M/V ILLUSIONS                    TX TO MN TO TX CRUISE 2003

INTRODUCTION

    After running the Carver 440 for 6 years, we wanted a pilothouse boat, mainly to get out of the heat on the flybridge.  I also wanted a larger boat with more range and capabilities.  Angela did not want to loose any of the good qualities of the Carver 440, which proved hard to do.  We wanted more, not less, refrigerator, closet space, cabinet space, etc.  These attributes were strong on the Carver, and many pilothouse boats had less, not more, of those characteristics.  We looked at Queenship, Symbol, Tollycraft, Navigator, Compass, Offshore, Carver, Ocean Alexander, and others in the 55 - 60-foot size range; and we finally decided on Grand Harbour.  It had the largest refrigerator of any boat we saw, and it had more closet space, too.  It had less cabinet space in the galley, and Angela had to give up the garbage disposal and full-size dishwasher we had in the Carver 440.

    The sale was closed January 16, 2003; and in March we began bringing the new boat back to Texas.  We had a 1,300-mile trip just to get back to home.  After that, we planned to go up the Mississippi River as far as we could.  As usual, I wanted to see as many of the tributary rivers as well.  On the way home in the fall, I wanted to go up and down the Arkansas River.  In that way I thought to have seen most of the navigable rivers in the eastern USA.  One notable exception was the Missouri River, and I considered that one while enroute to Minneapolis.  However, there are reportedly no buoys on the Missouri, and no locks.  There are wing dams, and they are not marked.  After hitting a wing dam on the Upper Mississippi, I was unwilling to take a chance on the Missouri.

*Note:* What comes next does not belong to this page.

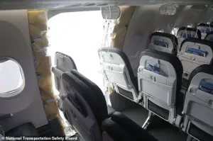 The Boeing 737 Max 9 plane was only minutes into its flight from Portland, Oregon, to California when the unused exit door blew open and detached, leading to loss of pressure. The higher the altitude, the lower the air pressure. Pictured, interior view from after the accident showing the missing door plug and damaged seats
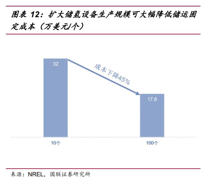 未来长管拖氢储运成本下降的有效路径是:一方面可通过提高储氢压力,实现储氢密度和运输效率都更高的氢气储运方式;另一方面,未来氢气气态储运成本下降的有效路径是扩大相关设备生产量。单位成本将在规模效应下逐步下降。据 NREL (National Renewable Energy Laboratory)预测,当储氢容器需求量从 10 增加到 100 个时,储氢容器成本可下降约 45%。

     That cruise was very interesting in many ways.  I did not know about the high rocky bluffs on the Mississippi River in Iowa, Wisconsin, Illinois, and Minnesota, or the high sand bars all the way up to St. Paul, MN.  The people were especially pleasant and friendly.  Marinas were not expensive, compared to some other places we've been; but 50-amp power was not easily found.  We ran over 4,000 miles on the cruise to MN and back, but we did not do the St. Croix or the Arkansas Rivers.  We needed to be home and ran out of time for those rivers on that trip.